Denmark features in US presidential debate

Bernie Sanders uses the Danes as an example for better parental rights

Denmark ended up stealing a little bit of the focus during last night’s US Democratic presidential debate in Las Vegas involving five potential Democrat presidential candidates, including Hillary Clinton and Bernie Sanders.

Bernie Sanders, the senator from Vermont who has captivated a large part of the US with his progressive stance on social equality, universal healthcare, parental leave, gay rights and climate change, named Denmark as a nation that the US could learn from.
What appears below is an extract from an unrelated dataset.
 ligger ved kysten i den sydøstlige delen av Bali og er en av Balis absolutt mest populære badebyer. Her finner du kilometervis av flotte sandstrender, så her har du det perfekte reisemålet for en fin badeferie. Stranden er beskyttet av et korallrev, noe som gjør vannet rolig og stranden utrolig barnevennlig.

“You see every other major country saying to moms that when you have a baby, we are not going to separate you from your new-born baby because we are going to have medical and family-paid leave, like every other country on Earth,” said Sanders.

“Those are some of the principles that I believe in, and I think we should look to countries like Denmark, like Sweden and Norway, and learn what they’ve accomplished for their working people.”
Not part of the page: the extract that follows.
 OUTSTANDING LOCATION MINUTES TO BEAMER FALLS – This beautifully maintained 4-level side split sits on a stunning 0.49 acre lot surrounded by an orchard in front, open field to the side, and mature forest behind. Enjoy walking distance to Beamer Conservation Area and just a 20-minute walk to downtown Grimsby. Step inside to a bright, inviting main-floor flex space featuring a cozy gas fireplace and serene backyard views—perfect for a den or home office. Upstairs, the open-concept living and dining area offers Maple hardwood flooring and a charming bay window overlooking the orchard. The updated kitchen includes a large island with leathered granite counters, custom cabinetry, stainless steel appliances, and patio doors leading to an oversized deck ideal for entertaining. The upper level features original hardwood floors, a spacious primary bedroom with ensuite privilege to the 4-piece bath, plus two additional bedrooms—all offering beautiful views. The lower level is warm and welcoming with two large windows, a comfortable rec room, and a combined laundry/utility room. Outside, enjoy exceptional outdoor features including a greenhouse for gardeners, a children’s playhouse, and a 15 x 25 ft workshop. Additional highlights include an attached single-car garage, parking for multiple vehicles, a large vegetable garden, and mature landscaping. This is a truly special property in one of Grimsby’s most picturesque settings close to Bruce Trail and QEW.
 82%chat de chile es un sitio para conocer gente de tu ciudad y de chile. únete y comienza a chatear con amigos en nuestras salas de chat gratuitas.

READ MORE: Rufus Gifford: US can learn from Danish elections

Top 1 percent
Sanders went on to explain it was immoral and wrong that the top one tenth of the wealthiest 1 percent of the US owns almost as much wealth as the bottom 90 percent and that 57 percent of all new income is going to the top 1 percent.

But Sanders’ argument was rebutted by Clinton with a Denmark reference of her own. She contended it was important the US does not turn its back on “the greatest middle class in the history of the world”.

“What Senator Sanders is saying certainly makes sense in terms of the inequality that we have, but we are not Denmark,” Clinton said.

“I love Denmark, but we are the USA and it’s our job to rein in the excesses of capitalism so that it doesn’t run amok and doesn’t cause the kind of inequities that we are seeing in our economic system.”